What the task asks: Leave the pictures out and restate each entry below word for word.
-*-*-
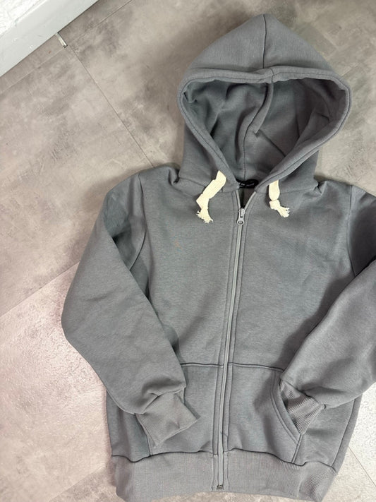 Felpa grigia con cappuccio e zip con lacci lunghi - FELPATO 10-16 anni
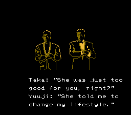 The game is a 2D 1-2 player side scroller. You the player control Taka or Yuuji, or both of these characters at the same time. You'll find yourself up against many enemies of the Yakuza gang, "The Silver Stars", and then later on leading you to corruption within the police department and to the main villain at the end. While playing the game you'll also run into three mini-games, which are a shooting gallery, a fast paced car ride and a shootout with one of the boss enemies.Screenshots
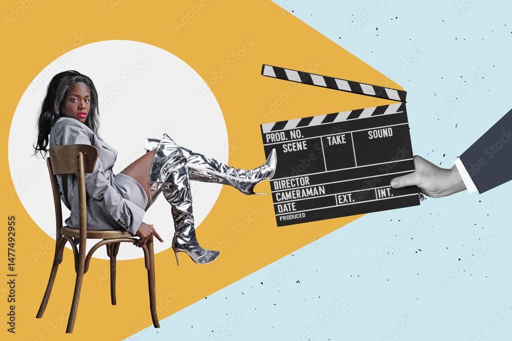 Movie clapper. Vintage retro film movie clapper. Vintage cinema poster. best. Concept of rest and entertainmen in film industry. Contemporary flat design art collage.
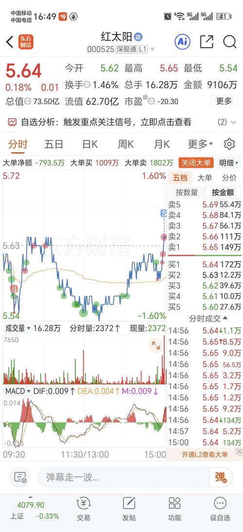 $红太阳(SZ000525)$今天进场了,上午买早了,5.64买到,尾盘收上来亏了11.4元手续费,向下最多跌到5.20元,就想看看一季报是不是我预测的盈利5000-7000W,比去年增110%-150%,就说这么多了,下周一晚上8点验证预测结果
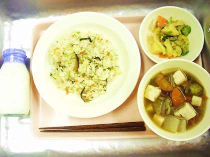 今日の給食「神葉ずし・牛乳・けんちん汁・和風ポテトサラダ」
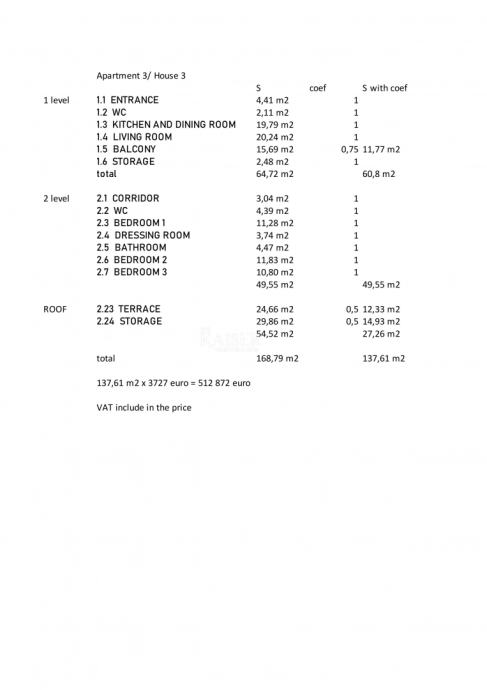 To trietažno stanovanje (H2A3) ima skupno površino 168,79 m2 (upoštevaje pripadajoče koeficiente 137,61 m2) in je sestavljeno iz 1. nadstropja, 2. nadstropja in mansarde s strešno teraso.
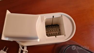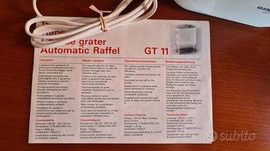 Grattuggia elettrica Girmi GT11 Ideale per grattuggiare formaggi, pane secco, frutta secca e cioccolato. Design compatto e facile da pulire. Prodotto vintage del marchio italiano Girmi. Si grattuggia direttamente nella ciotola che può essere usata a tavola. ciotola fornita di coperchio e piattino.
-*-*-
Reply to the exercise:
 Felpa grigia con cappuccio e zip con lacci lunghi - FELPATO 10-16 anni
 The game is a 2D 1-2 player side scroller. You the player control Taka or Yuuji, or both of these characters at the same time. You'll find yourself up against many enemies of the Yakuza gang, "The Silver Stars", and then later on leading you to corruption within the police department and to the main villain at the end. While playing the game you'll also run into three mini-games, which are a shooting gallery, a fast paced car ride and a shootout with one of the boss enemies.Screenshots
 Movie clapper. Vintage retro film movie clapper. Vintage cinema poster. best. Concept of rest and entertainmen in film industry. Contemporary flat design art collage.
 $红太阳(SZ000525)$今天进场了,上午买早了,5.64买到,尾盘收上来亏了11.4元手续费,向下最多跌到5.20元,就想看看一季报是不是我预测的盈利5000-7000W,比去年增110%-150%,就说这么多了,下周一晚上8点验证预测结果
 今日の給食「神葉ずし・牛乳・けんちん汁・和風ポテトサラダ」
 To trietažno stanovanje (H2A3) ima skupno površino 168,79 m2 (upoštevaje pripadajoče koeficiente 137,61 m2) in je sestavljeno iz 1. nadstropja, 2. nadstropja in mansarde s strešno teraso.
 Grattuggia elettrica Girmi GT11 Ideale per grattuggiare formaggi, pane secco, frutta secca e cioccolato. Design compatto e facile da pulire. Prodotto vintage del marchio italiano Girmi. Si grattuggia direttamente nella ciotola che può essere usata a tavola. ciotola fornita di coperchio e piattino.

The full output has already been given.